Largest data type which can be fetch-ANDed atomically?

1.4k views Asked by At

I wanted to try and atomically reset 256 bits using something like this:

#include <x86intrin.h>
#include <iostream>
#include <array>
#include <atomic>

int main(){

    std::array<std::atomic<__m256i>, 10> updateArray;

    __m256i allZeros = _mm256_setzero_si256();

    updateArray[0].fetch_and(allZeros);
}

but I get compiler errors about the element not having fetch_and(). Is this not possible because 256 bit type is too large to guarantee atomicity?

Is there any other way I can implement this? I am using GCC.

If not, what is the largest type I can reset atomically- 64 bits?

EDIT: Could any AVX instructions perform the fetch-AND atomically?

2

There are 2 answers

7
Mats Petersson On

So there are a few different things that need to be solved:

  1. What can the processor do?
  2. What do we mean by atomically?
  3. Can you make the compiler generate code for what the processor can do?
  4. Does the C++11/14 standard support that?

For #1 and #2:

In x86, there are instructions to do 8, 16, 32, 64, 128, 256 and 512 bit operations. One processor will [at least if the data is aligned to it's own size] perform that operation atomically.
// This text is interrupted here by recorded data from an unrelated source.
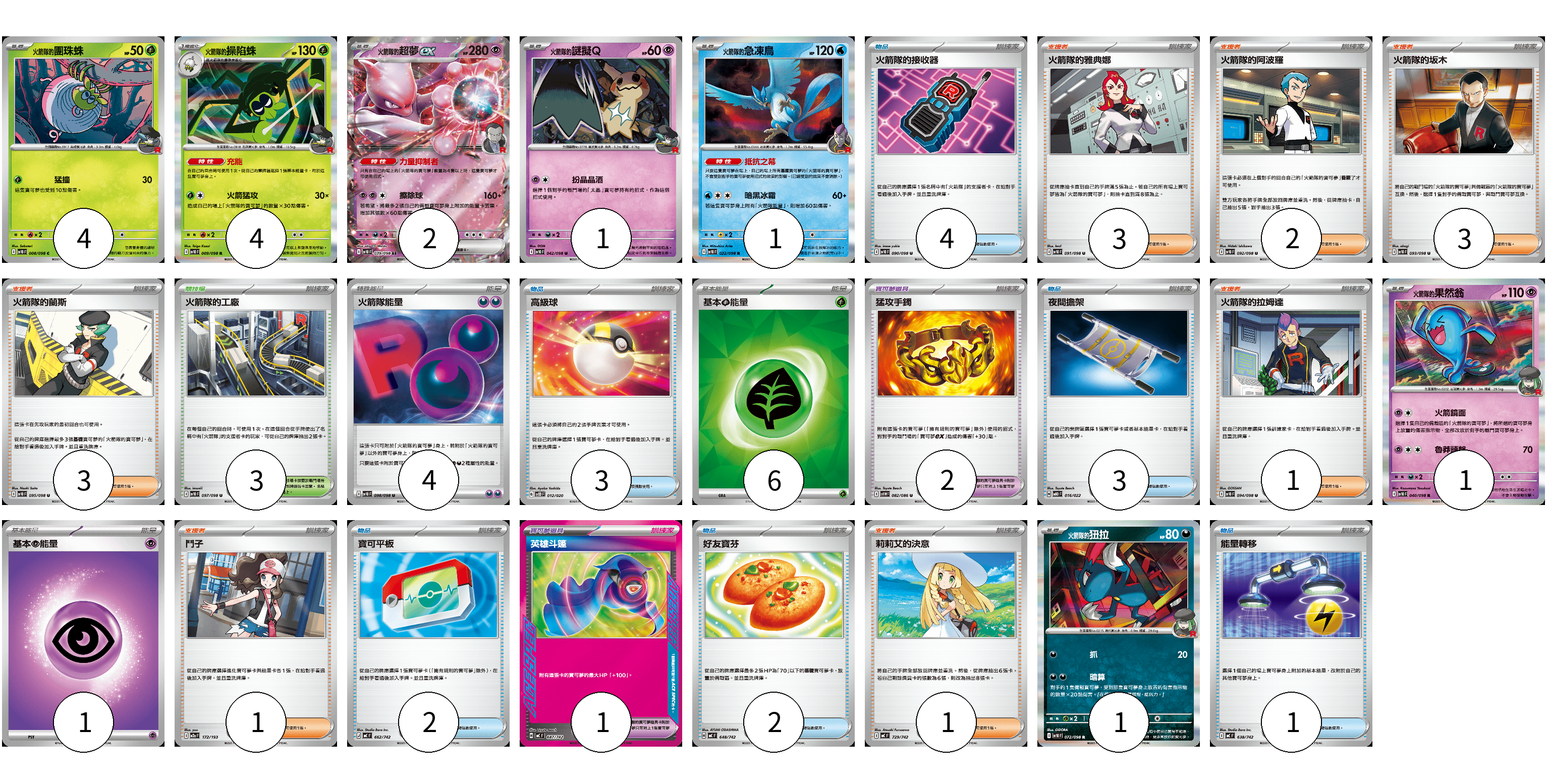 牌組構築方案 以此牌組為基礎新構築牌組 顯示卡面 顯示列表 寶可夢卡(14) 4 4 2 1 1 1 1 寶可夢道具(3) 2 1 物品卡(15) 4 3 3 2 2 1 支援者卡(14) 3 2 3 3 1 1 1 競技場卡(3) 3 能量卡(11) 4 6 1 寶可夢卡(14) 卡牌名稱 張數 卡牌名稱 張數 <火箭隊的>團珠蛛 SV10 008/098 04 <火箭隊的>操陷蛛 SV10 009/098 04 <火箭隊的>超夢ex SV10 039/098 02 <火箭隊的>謎擬Q SV10 042/098 01 <火箭隊的>急凍鳥 SV10 022/098 01 <火箭隊的>果然翁 SV10 040/098 01 <火箭隊的>狃拉 SV10 072/098 01 寶可夢道具(3) 卡牌名稱 張數 卡牌名稱 張數 猛攻手鐲 SV11W 082/086 02 英雄斗篷 MC 687/742 01 物品卡(15) 卡牌名稱 張數 卡牌名稱 張數 火箭隊的接收器 SV10 090/098 04 高級球 SVOD 012/020 03 夜間擔架 MBD 016/022 03 寶可平板 MC 662/742 02 好友寶芬 MC 648/742 02 能量轉移 MC 638/742 01 支援者卡(14) 卡牌名稱 張數 卡牌名稱 張數 火箭隊的雅典娜 SV10 091/098 03 火箭隊的阿波羅 SV10 092/098 02 火箭隊的坂木 SV10 093/098 03 火箭隊的蘭斯 SV10 095/098 03 火箭隊的拉姆達 SV10 094/098 01 鬥子 M2a 172/193 01 莉莉艾的決意 MC 729/742 01 競技場卡(3) 卡牌名稱 張數 卡牌名稱 張數 火箭隊的工廠 SV10 097/098 03 能量卡(11) 卡牌名稱 張數 卡牌名稱 張數 火箭隊能量 SV10 098/098 04 基本【草】能量 SVM GRA 06 基本【超】能量 MBD PSY 01 以此牌組為基礎新構築牌組 牌組編碼 WlnLdg-DgUaOl-ndxGXb copy 列印牌組單 牌組編碼已複製 分享至SNS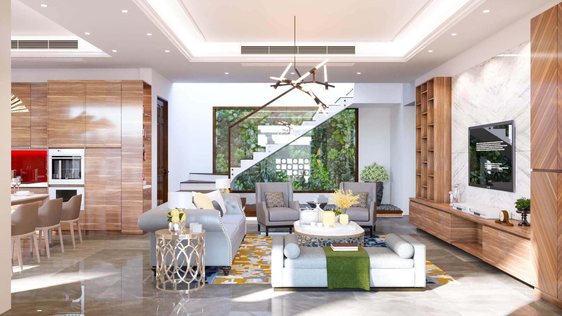 Không gian bếp sang trọng và bố trí gọn gàng giúp chúng ta thoải mái trong lúc nấu ăn.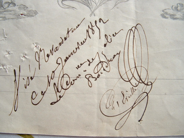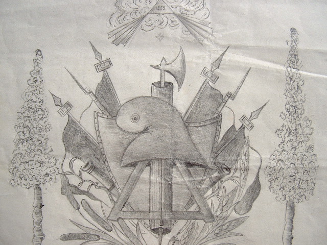 Dessin à la mine de plomb figurant divers attribus de la République : arbres de la liberté, bonnet phrygien, drapeaux de la République, canons, épis de blé, etc., et une date, 1852. En bas figure le visa du commissaire de police, Boudray, daté du 10 janvier 1852, et une autre signature, G. Eveillé. Il pourrait s'agir d'un projet d'étendard pour un corps de défense des vertus républicaines. Il s'inscrit dans le contexte du coup d'Etat du 2 décembre 1851 de Louis-Napoléon Bonaparte.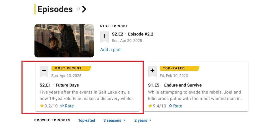 Второй сезон «Одних из нас» состоит из 7 эпизодов. Новые серии будут выходить по воскресеньям (утром в понедельник по МСК), а финал ожидается 25 мая.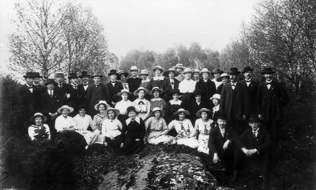 Nedersta raden: Ebba på Veken, Berta Fransson Heden, Berta Johansson Karlsgårde, Dagmar Karlsson Ängagården, okänd, Susanna på Björkelund, Elving, Rut och Isabella Chinell, Gustav på Veken, Amandus Andersson Gårestorp.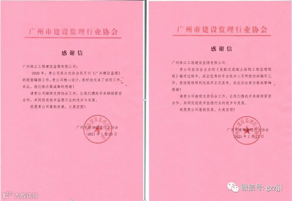 1月28日,珠江监理收到广州市建设监理行业协会的感谢信,感谢珠江监理对协会工作的大力支持。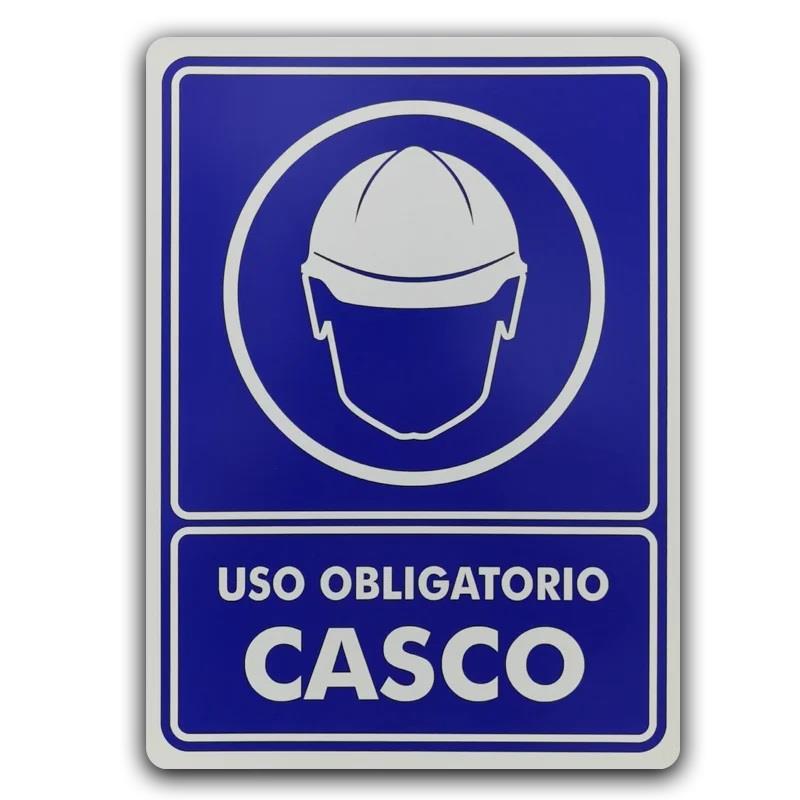 - Mensaje Visual: Incluye un pictograma que representa a una persona usando casco, lo que facilita la comprensión incluso para aquellos que no hablan el idioma.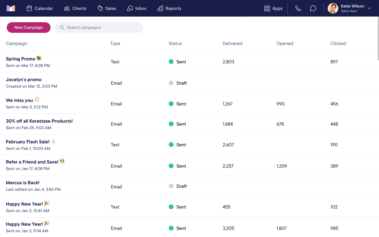 Service-specific campaigns such as re-engagement campaigns for all clients who received facials in the last two months, or clients who have gone over four months without a haircut appointment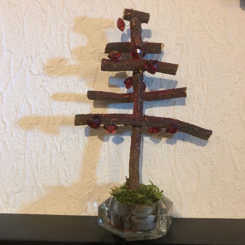 Søde små vaser, dreng og pige står op af træstamme. Vaserne er 11 cm høje og 8 cm bred de røde kunstige blomster medfølger.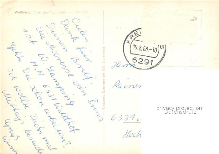 72995692 alte Postkarte Weilburg Gesamtansicht postalisch gelaufen Erhaltung siehe scans [AndreD76] KatCode: 11110006533017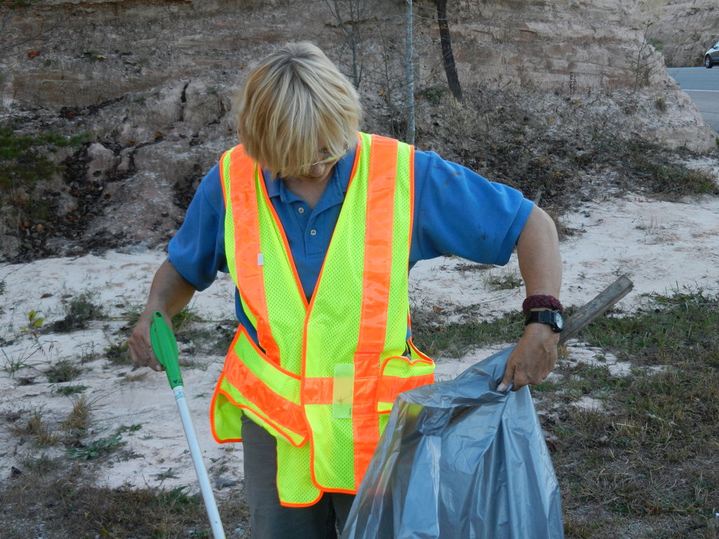 Photo Caption: Homemakers picked up trash again! Here is Pam hard at work. Show AllShow All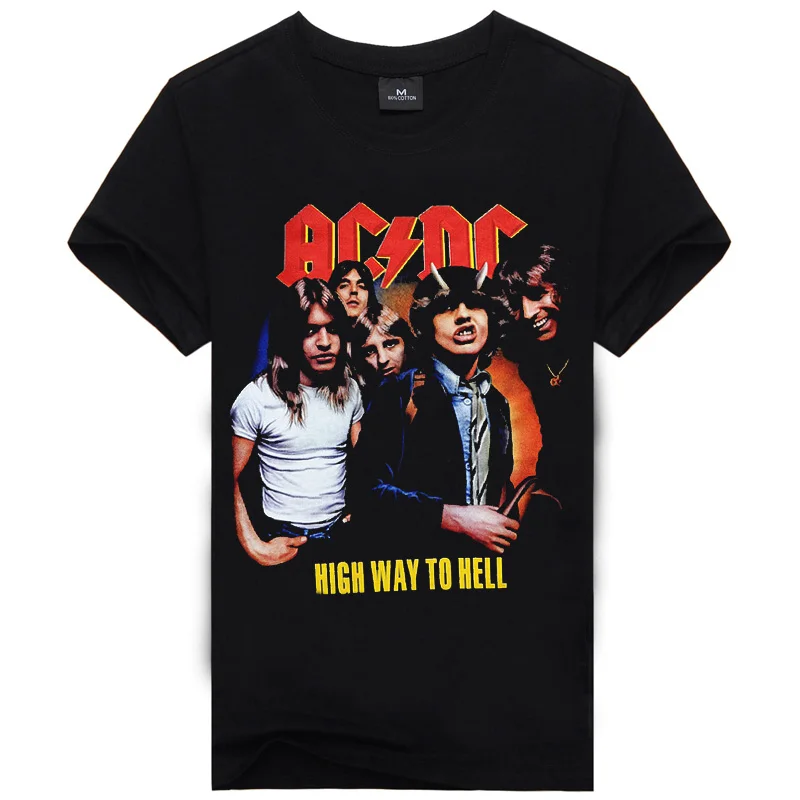Rocksir 2017 группа серии Мужская футболка ACDC 3D персонаж печати топ тройники homme high way to hell Мода Рок Стиль черная футболка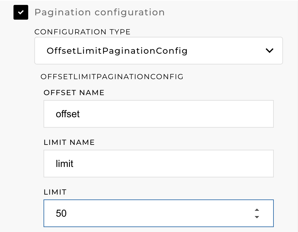 <div data-full-width="false"><figure><img src="https://1809014303-files.gitbook.io/~/files/v0/b/gitbook-x-prod.appspot.com/o/spaces%2FZxYYf1KpgarKMgMsDCrw%2Fuploads%2Fgit-blob-77efe0adcd597d020109c37929d854f255048a9b%2Fimage.png?alt=media" alt=""><figcaption><p>Pagination option in the HTTP connector form</p></figcaption></figure></div>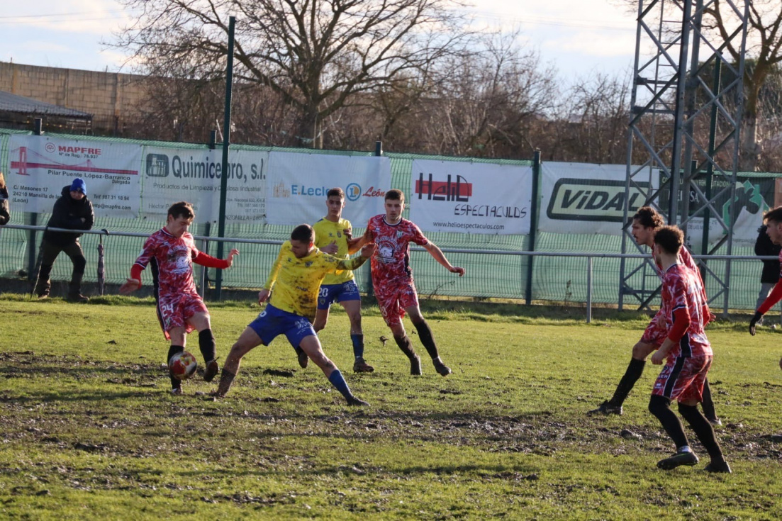 El Atlético Mansillés logró una valiosa victoria por 2-1 ante el Guijuelo en un encuentro marcado una vez más, por las difíciles condiciones del terreno de juego de La Caldera, que sigue siendo impracticable cada vez que la lluvia hace acto de presencia. El estado del campo condicionó por completo el desarrollo del partido y obligó a ambos conjuntos a adaptarse a un fútbol más directo y físico.

However, for an operation to be "true atomic", it also needs to prevent race conditions within the update of that data [in other words, prevent some other processor from reading, modifying and writing back that same location]. Aside from a small number of "implied lock" instructions, this is done by adding a "lock prefix" to a particular instruction - this will perform the right kind of cache-talk [technical term] to the other processors in the system to ensure that ONLY THIS processor can update this data.

We can't use VEX instructions with LOCK prefix (from Intel's manual)

Any VEX-encoded instruction with a LOCK prefix preceding VEX will #UD

You need a VEX prefix to use AVX instructions, and #UD means "undefined instruction" - in other words, the code will cause a processor exception if we try to execute it.

So, it is 100% certain that the processor can not do an atomic operation on 256 bits at a time. This answer discusses SSE instruction atomicity: SSE instructions: which CPUs can do atomic 16B memory operations?

#3 is pretty meaningless if the instruction isn't valid.

#4 - well, the standard supports std::atomic<uintmax_t>, and if uintmax_t happens to be 128 or 256 bits, then you could certainly do that. I'm not aware of any processor supporting 128 or higher bits for uintmax_t, but the language doesn't prevent it.

If the requirement for "atomic" isn't as strong as "need to ensure 100% certainly that no other processor updates this at the same time", then using regular SSE, AVX or AVX512 instructions would suffice - but there will be race conditions if you have two processor(cores) doing read/modify/write operations on the same bit of memory simultaneously.

The largest atomic operation on x86 is CMPXCHG16B, which will swap two 64-bit integer registers with the content in memory if the value in two other registers MATCH the value in memory. So you could come up with something that reads one 128-bit value, ands out some bits, and then stores the new value back atomically if nothing else got in there first - if that happened, you have to repeat the operation, and of course, it's not a single atomic and-operation either.

Of course, on other platforms than Intel and AMD, the behaviour may be different.

0
Peter Cordes On

The operation can only be atomic if the memory read/modify/write all happens as a single operation. e.g. lock and [mem], %rax is atomic. (Intel's insn ref manual explicitly says that the lock prefix does work with and to make it atomic.)

Since typical AVX instructions like VPAND can have memory source operands (combining a memory read with modifying a register), but not memory destination operands (read/modify/write), this whole idea isn't going to work.

Mats Petersson's answer does a good job explaining what you can do, but I just wanted to point out why normal AVX can't possibly be used as single-instruction atomic operations. You have to load, modify, and cmpxchange, and then try again if something else modified the memory between reading the load and the cmpexchange.